Stop Smoking with Tabex, Cytisine!

Tabex is an original Bulgarian drug of vegetal origin for treatment of nicotinism. It is developed on the basis of the alkaloid contained in the plant Cytisus laburnum L., also called Golden Rain, widespread in the southern areas of Central Europe and Italy. All parts of the plant contain the alkaloid Cytisine, the greatest amount (up to 3%) being found in the seeds.

Fig. 1 Structural formula of cytisine

Fig. 1 Structural formula of cytisine

(1R-cis)-1,2,3,4,5,6-hexahidro-1,5-metano-8h-pyrido[1,2a][1,5]diazocin-8-on

Chemical characteristics and content of Tabex

Each tablet contains 0.0015 g cytisine

Empirical formula of cytisine: C11H14ON2

Ensuing from the molecular orbital calculations after Kier (1969), it is evident that the molecular configurations of nicotine and acetylcholine have a quaternary nitrogen atom which is with a negative charge and located at 4.85 +/- 0.1 A, considered to be responsible for the nicotine-like activity. In cytisine the nitrogen atom in ring C appears at 4.8-9 A from the oxygen atom of the pyridine group and is also negatively charged.

The prolonged clinical and toxicological studies in many countries all over the world have proved the enormous harm of smoking on all organs and systems of the human organism.
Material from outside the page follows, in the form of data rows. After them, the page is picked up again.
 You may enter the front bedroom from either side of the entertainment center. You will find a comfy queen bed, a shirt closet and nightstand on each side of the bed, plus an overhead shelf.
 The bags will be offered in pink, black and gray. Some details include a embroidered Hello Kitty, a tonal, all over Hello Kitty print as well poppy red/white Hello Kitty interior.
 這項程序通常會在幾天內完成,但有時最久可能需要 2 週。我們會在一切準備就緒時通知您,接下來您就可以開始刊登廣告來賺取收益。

The danger of cardiovascular incidents (myocardial infarction, stenocardia, peripheral vascular diseases), diseases of the respiratory system (lung cancer, tracheobronchitis, etc.), as well as psychic and physiological dependence of addictive type is mostly emphasized.

Fig. 2 Stereoisomeric formulae of cytisine and nicotine (after Barlow, R.B. and McLeod, L.J.)
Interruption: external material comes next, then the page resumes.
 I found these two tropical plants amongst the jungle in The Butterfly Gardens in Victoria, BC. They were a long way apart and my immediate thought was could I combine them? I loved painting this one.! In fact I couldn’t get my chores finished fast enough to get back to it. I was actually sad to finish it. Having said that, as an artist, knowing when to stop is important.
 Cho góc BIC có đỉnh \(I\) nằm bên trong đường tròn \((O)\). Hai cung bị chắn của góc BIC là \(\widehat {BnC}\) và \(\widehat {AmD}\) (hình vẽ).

Fig. 2 Stereoisomeric formulae of cytisine and nicotine (after Barlow, R.B. and McLeod, L.J.)

The treatment of nicotine addiction is a complex process in which drug therapy occupies an important part. Sopharma produces the drug Tabex, developed on the basis of the alkaloid Cytisine, which has an action similar to that of nicotine.
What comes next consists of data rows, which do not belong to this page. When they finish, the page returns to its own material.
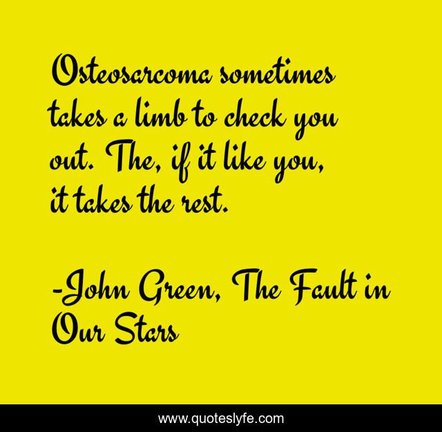 "John Green, The Fault in Our Stars Quotes." Quoteslyfe.com, 2025. Fri. 05 Dec. 2025. <https://www.quoteslyfe.com/quote/Osteosarcoma-sometimes-takes-a-limb-to-check-281040>.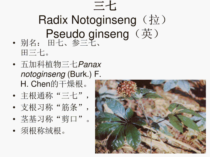 三七主产于云南,与东北的人参齐名,同属于五加科植物,药用部位为地下根茎,从作用原理分析,根类药物的升降特点是主升浮的,它需要营养地上的部分,升性主阳,阳在五行中主木火,木性主升,肝气属木,主升发条达,三七形质符合肝木的升浮,药性升浮属温性,外皮色黄,内部色青,青色入肝,黄色入脾,味道甘苦,甘则入脾,甘甜可滋脾气,三七有补气的作用,这一点类似人参。三七,能生津补气——《药笼小品》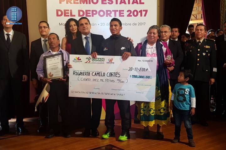 NOTICIAS 20/11/2017Entrega SAC Premio Estatal del Deporte 2017 En el marco del desfile cívico deportivo del CVII aniversario de la Revolución Mexicana, el gobernador del estado, Silvano Aureoles Conejo, hizo entrega del Premio Estatal del Deporte 2017, al canoista originario de la Isla de Urandén de Morelos, Rigoberto Camilo Cortés, el cual otorga la Comisión Nacional de Cultura Física y Deporte (Conade), y que consiste en 110 mil pesos en efectivo , una medalla y un reconocimiento.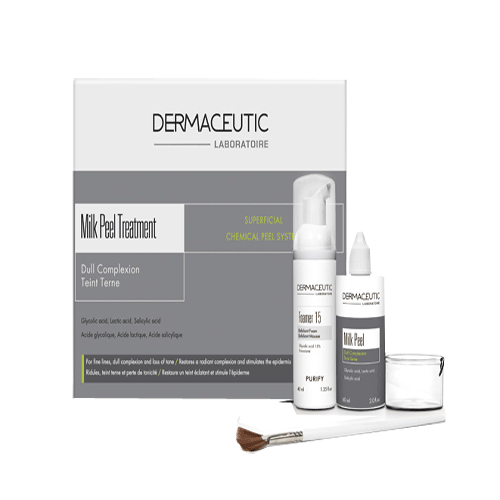 Liệu trình cải thiện tone màu da, loại bỏ nếp gấp Dermaceutic Milk Peel Treatment có chứa acid glycolic, acid salicylic và acid lactic. Đây là phương pháp thay da hóa học, bằng cách sử dụng các acid để loại bỏ các tế bào chết, lấy đi lớp da sần sùi, hư hỏng và tối màu, đồng thời làm sạch lỗ chân lông và giảm nhăn để thay vào đó là làn da tươi mới, săn chắc, sáng trắng và rạng rỡ.

Pharmacodynamics of Cytisine

Cytisine is an agonist of the cholinoreceptors in the vegetative ganglia and belongs to the group of the gangliostimulating drugs. It excites the nicotine-sensitive cholinoreceptors of the postsynaptic membranes in the vegetative ganglia, chromaffin cells in the molecular part of the suprarenal gland and sinocarotid reflexogenic zone, which results in excitation of the respiratory center, predominantly through the reflexes, simulation of adrenaline release by the medullar part of the suprarenal glands and a rise in the blood pressure. After its absorption in the gastrointestinal tract, cytisine plays the part of a nicotine-substitute substance which decreases the period of interaction between nicotine and the corresponding receptors. This in turn leads to a gradual decrease and interruption of the smokers' psychic and physical nicotine dependence.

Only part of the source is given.